For some impenetrable reason, the surprise that Dickie's expression assumed had a tinge of sadness to it. Loretta could not believe that it was because the man had wanted his brother to be responsible, but perhaps he also didn't want there to be no one to blame for this tragedy. In moments of distress people always sought out a scapegoat, and there was no doubt in Loretta's mind that she would be blamed for the show being shut down. Perhaps Dickie didn't want fate to continue to be so unkind to Loretta, who in his eyes didn't deserve anything but the greatest happiness.

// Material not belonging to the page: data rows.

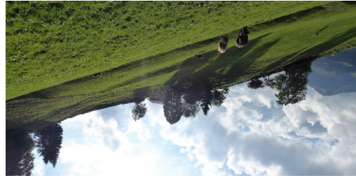
TOP Kraftort Urnäsch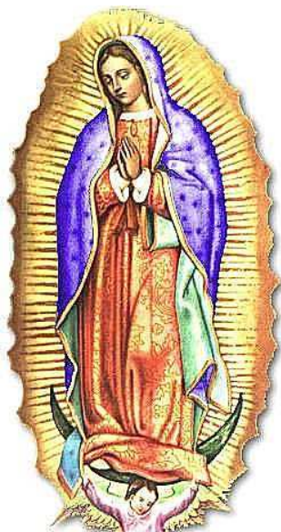
Obraz Panny Marie na indiánském plášti z agávodvé látky

22. dubna 1519 přistál u města Veracruz Hernán Cortés a s 500 vojáky, 14 děly a pomocnými indiánskými sbory započal dobývání Aztécké říše s jejími tehdejšími 8 milióny obyvatel. Po dvou letech urputných a velmi krvavých bojů se Aztékové Španělům podrobili. Tím se zhroutil nejen jejich dobře zorganizovaný svět, ale i cyklus rituů, při kterém bylo ročně obětováno 20 tisíc lidí. Cortés přišel s úmyslem vyhladit starou modloslužbu a podporovat šíření katolické víry. V jeho doprovodu byli ovšem jen dva kněží a teprve v roce 1523 přišli první tři františkáni z Gentu. O rok později přibylo dalších 12 a v roce 1526 přišla na misie první skupina dominikánů. Jejich první učitelé neznámé domorodé řeči Aztéků byly indiánské děti, které rychle pochopily posunčinu a pak pomáhaly jako katecheti ve svých rodinách a vesnicích. Těžké škody misijnímu dílu zasazovali vysocí postavení španělští úředníci počínaje Nuňou de Guzmánem, kteří v rozporu s císařovými instrukcemi nakládali s indiány pro osobní obohacení jako s otroky. Změna nastala teprve, když do Mexika přišel první Římem jmenovaný biskup Fray Juan de Zumárraga. Tím byl udělán důležitý krok pro zdar misijního díla a to, že křesťanství zde zapustilo velmi rychle své kořeny vděčí Mexiko událostem v Guadalupe, které se datují od 9. prosince 1531.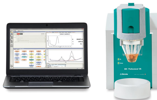
Figure 1. 884 VA profesional.

Después de diluir la muestra en electrolito de soporte, la determinación voltamperométrica de antimonio y bismuto se lleva a cabo en el 884 Professional VA con el Multi-Mode Electrode pro como electrodo de trabajo utilizando los parámetros enumerados en tabla 1 . La concentración se determina mediante dos adiciones de solución estándar de adición de antimonio y bismuto.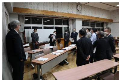
円陣を組んでの 第4回理事会と 新メンバー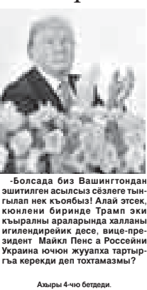
Ахыры 4-но бетиди.

«Болмаса биз Вашингтонда эшилген асылсыз сёлеме тын-гылап нек сюйюбиз! Алай этсек, кюялени кербониде Трамп эски къыралны араларында халланы игилдериюм десе, вице-президент Майкл Пенс а Россияни Украина ючюн жууахха тартыргъа керекди деп тохтамазгъа»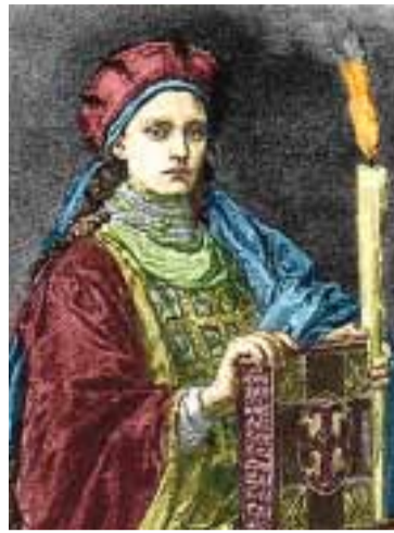
Mieszko I, z poganina, sugerowany przez żonę Dobrawę, staje się krzewicielem wiary

Stąd sławne określenie: gente Ruthenus, natione Polonus – „z rodu Rusin, z narodu Polak”. Takim z rodu Rusinem był dla przykładu książę Jarema Wiśniowiecki, tłumiący w imieniu Rzeczypospolitej powstanie na Ukrainie, wzniecone przez szlachcica Bohdana Chmielnickiego, innego z rodu Rusina; zaś Michał Korybut,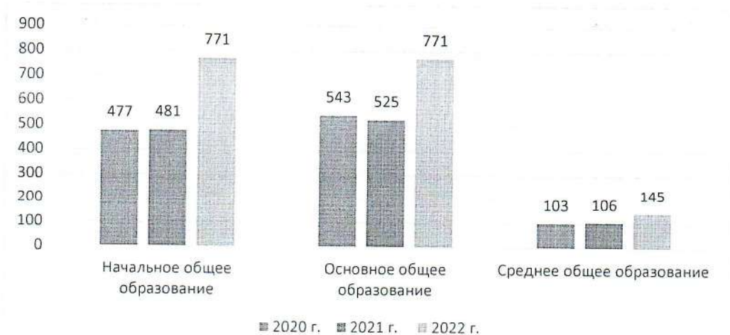
Схема 1. Динамика контингента обучающихся на 01.09. за 2020-2022 г.г.

Динамика контингента обучающихся за последние 3 года устойчива.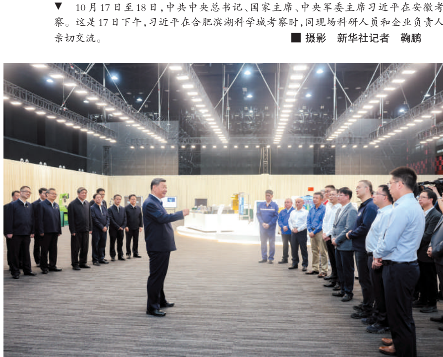
▲ 10月17日至18日，中共中央总书记、国家主席、中央军委主席习近平在安徽考察。这是17日下午，习近平在合肥滨湖科学城察看安徽省重大科技创新成果集中展示。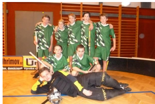
Florbal, turnaj v Pelhřimově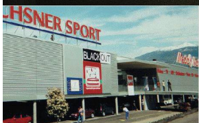
Media Markt, Conthey

Elsäßer fabrique avec une nouvelle installation de production. Votre avantage: une précision au plus haut niveau, production et vente d'une seule main - „just in time“. Profitez de nos éléments de grande taille.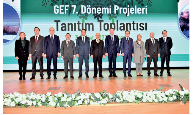
GEF 7'nin lansmanı Tarım ve Orman Bakanlığı ile birlikte yapıldı.

2023 yılı Küresel Çevre Fonu programı için çok görünürlüğü yüksek ve faaliyetler açısından verimli bir yıl oldu. GEF 7 dönemi projelerinin Tarım ve Orman Bakanlığı iş birliğinde yoğun bir katılım ile lansman etkinliği düzenlendi. Kaz Dağları projesi, Gediz projesi ve Bolu Projeleri'nin lansman etkinlikleri gerçekleştirildi. Gediz Projesinde gençlerin katılımı gerçekleştirilen flamingo halkalama faaliyeti büyük bir ilgi ile karşılandı. Arazi Tahribatının Dengelenmesi Yukarı Sakarya Projesi kapsamında devam eden Uygulamalı Çiftçi Okullarının ilk etabı 97 çiftçinin katılımı ile tamamlandı ve ikinci etabına başlandı.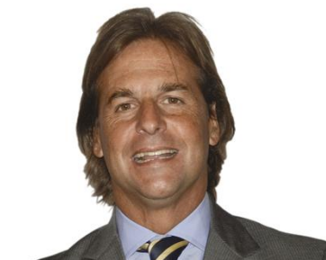
Lacalle Pou, Luis Alberto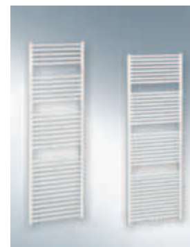
Kúpeľňové vykurovacie telesá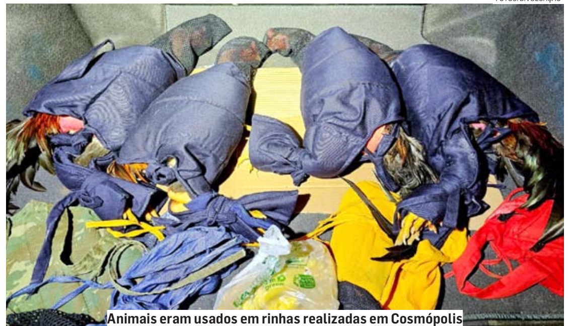
Animais eram usados em rinhas realizadas em Cosmópolis

A equipe, mediante as alegações, prosseguiu com a busca veicular e localizou R$ 2.252, quatro galos em situação que se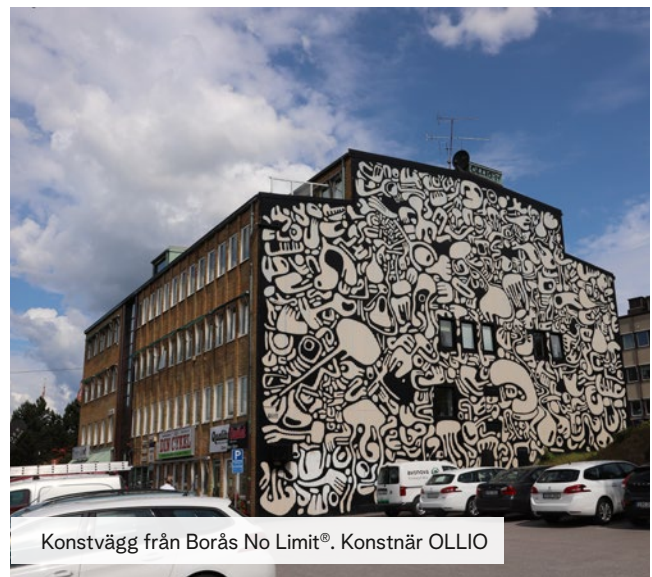
Konstvägg från Borås No Limit®. Konstnär OLLIO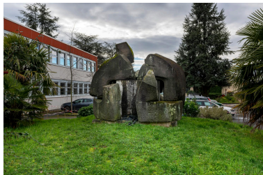
Vue de dos. IVR84_20216900245NUCAQ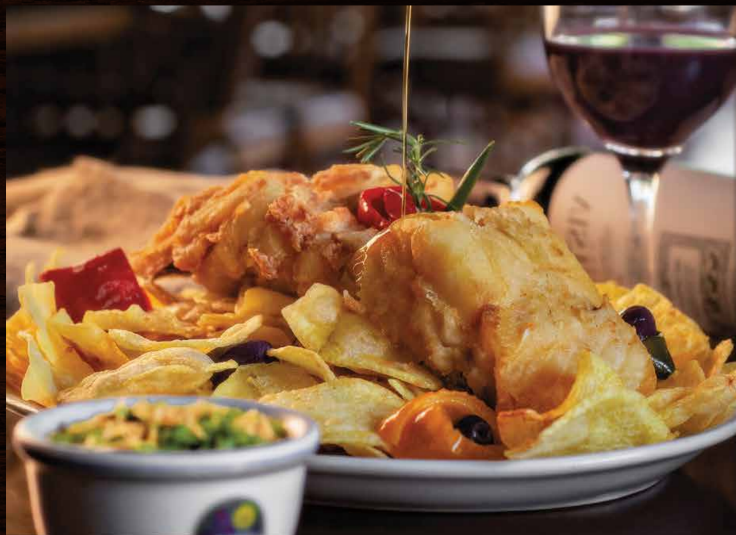
• Bacalhau ao Forno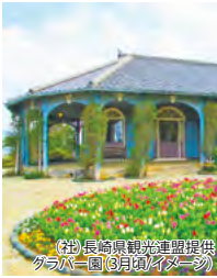
(グラバー園(3月頃)イメージ)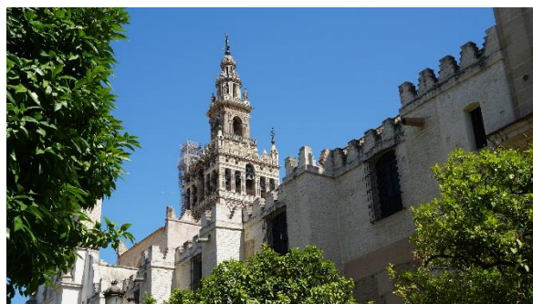
Fragment katedry Najświętszej Marii Panny, Sewilla

Tu także królowa Izabella i Ferdynand II Aragoński przyjmowali Krzysztofa Kolumba po zakończonej wyprawie do Ameryki.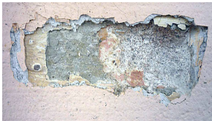
Fot. 2 Stratygrafia jednej z odkrywek. Od warstwy zewnętrznej występuje: różowa farba, zacierka z zaprawy 2mm, ugrowa farba, ugrowszara farba (gruba warstwa), czerwień (cienka warstwa), biel, zaprawa wapienna (tynk)

W trakcie prac na miejscu wykonano szereg odkrywek schodkowych ukazujących mnogość warstw pojawiających się wraz z kolejnymi remontami elewacji, a przede wszystkim zmian kolorystyki, na przestrzeni czasu.

"Hm," the man made a reluctantly accepting sound but within moments the distinctive caring attentiveness in which Loretta had always seen a wishful reflection of herself returned to his gentle eyes.

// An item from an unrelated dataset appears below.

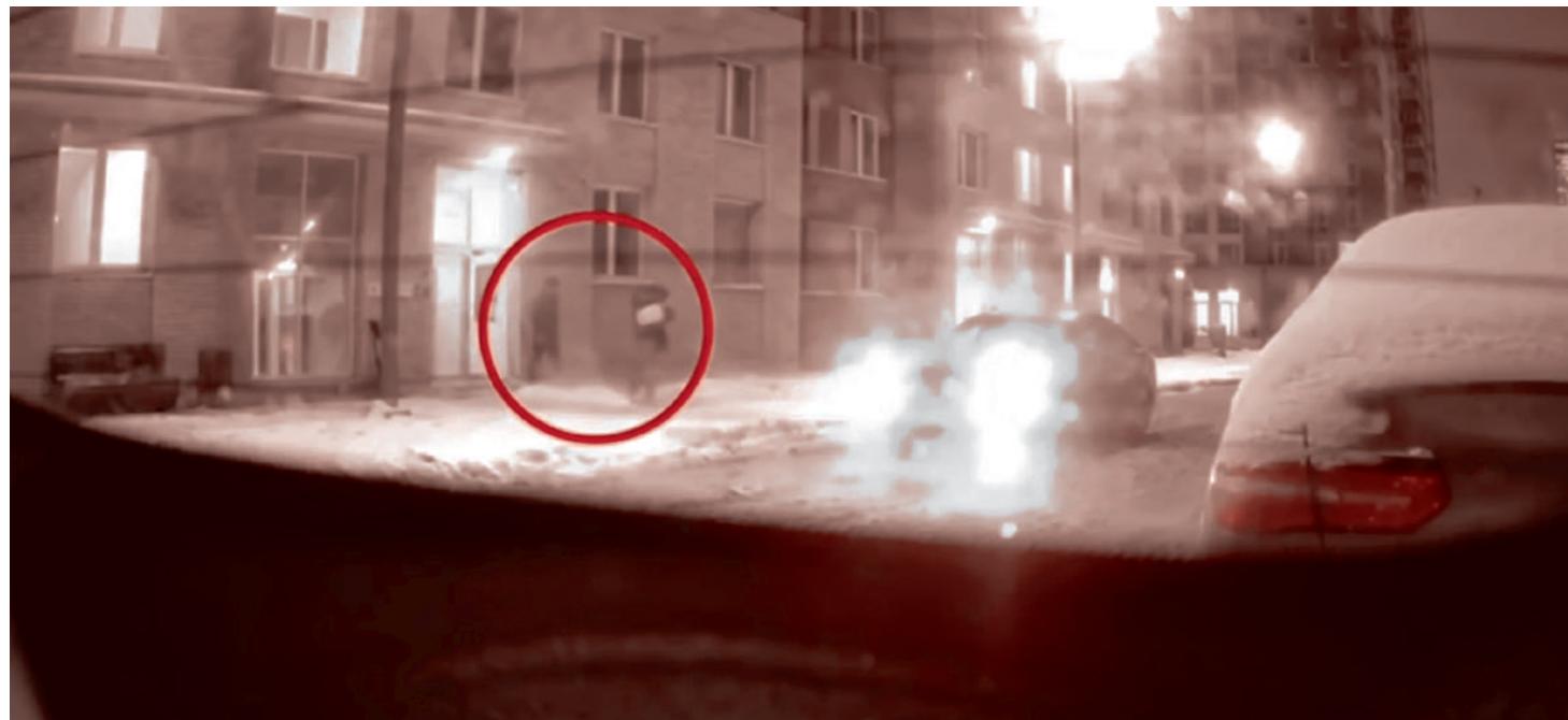
Кадры с видеорегистратора автомобиля, на который было заснято убийство генерал-лейтенанта Игоря Кириллова. Начальник войск РХБЗ и его помощник вышли из подъезда жилого дома на Рязанском проспекте (в центре кадра), после чего сдетонировала взрывчатка, заложенная в электросамокат (слева от подъезда)

«Прошел уже весь день. Где же хоть какая-нибудь реакция из-за рубежа? Где «цивилизованные»? Где «объективные»? Только Financial Times и BBC сообщают, что Игорь Кириллов, по мнению СБУ, —

"Can I get you anything?" Dickie wondered, averse to staying idle. "Some water? An ice pack?" He cracked that little smile of his that was always tinted with just a touch of melancholy. "A hug?"

Her heart swelling with grateful longing, Loretta smiled back at him fondly but had to refuse. "I would love that, but I don't think my shoulder could take it." She replied to Dickie's concerned gaze with brave reassurance, "No, I'm gonna be all right."

Dickie nodded, willing himself to believe that she would be, that the unmistakable weary wretchedness in this brilliant woman would pass sooner than any of them dared to hope.

"Should I maybe take off your hat?" he offered, ever the committed helpful manager, as he stepped up behind Loretta.

"Please," Loretta replied with a low breathy sigh of sweet relief and soon enough felt both the hat-pin and the prickling clip below release her hair and slip away.

"And the braids?"

Loretta didn't get the chance to give him permission to undo the remaining mirage of her character because the door her son had left ajar was pushed open once again and Oliver's sobering presence unwittingly shattered the comfortable mellow harmony that had developed between her and Dickie.

Oliver looked thoroughly deflated, and the kind eyes that had dimmed into misty grey and lost their singular lively twinkle turned with heavy expectancy to the man standing behind her instead of addressing Loretta.

With a subtle clink the Nanny's hat was placed on the vanity table beside her, and Dickie said, "I guess I'm gonna go. You two probably have things to discuss."